There’s a tale told about a miner who found copper cans in his garbage dump in the early days of mining. Wastewater from copper mining had flowed through his land, he said, and turned steel cans into copper.
The story might be apocryphal, but the process is real, and it’s called cementation. Montana Resources, the mining company that took over from the Anaconda Copper Company, still uses this alchemical trick in a process at its Continental Pit mine in Butte, Mont.
Next to the mine is the Berkeley Pit, which is filled with 50 billion gallons of a highly acidic, toxic brew. Montana Resources pipes liquid from the pit, enabling it to cascade onto piles of scrap iron.

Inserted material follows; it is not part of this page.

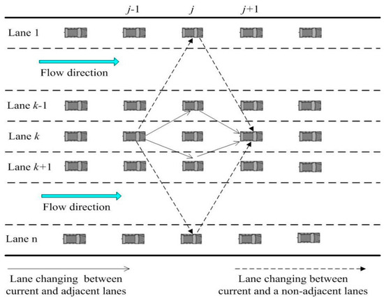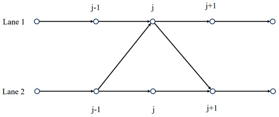 Before discussing the traffic flow behavior of multi-lane highways, we must briefly review the traffic flow modeling process for two-lane systems. In the two-lane scenario shown in Figure 2, both lanes are treated as uniform discrete grid points. Lane-changing occurs when traffic densities at the lattice sites on the two lanes differ. Lane-changing behavior aims to improve driving efficiency. If holds, some traffic flow for lane 2 will shift to lane 1. This movement has a lane-changing rate of . Similarly, if , the lane-changing rate from for lane 1 to + 1 for lane 2 is . The total change in lane-changing rate at lattice site for lane 1 is determined as . Therefore, the continuity equation (conservation equation) for lane 1 in the two-lane framework is obtained as follows [8]:

The iron becomes copper and is gathered for production.
While methods to remove metals from water have been around a long time, in recent years the global scramble for metals critical to manufacturing and technology advances has given birth to a new generation of extraction technologies and processes.
One of the mineral-rich sources researchers are focused on is wastewater, including the brine from desalination plants, oil and gas fracking water and wastewater from mining. Researchers at Oregon State University estimate the brine from desalination plants alone contains metals valued at about $2.2 trillion.
“Water is the ore body of the 21st century,” said Peter S. Fiske, director of the National Alliance for Water Innovation at the Department of Energy’s Lawrence Berkeley National Lab California. “Technology now is allowing us to pick through the garbage piles of wastewater and pick out the high-value items.”
Research on the extraction of rare earths, a set of metallic elements, from waste is widespread as the need for them increases significantly. Researchers at Indiana Geological and Water Survey at Indiana University, for example, are studying the potential for mining rare earths in coal waste, including fly ash and coal tailings. And researchers at University of Texas at Austin have created membranes that mimic natural ones to separate rare earths from waste.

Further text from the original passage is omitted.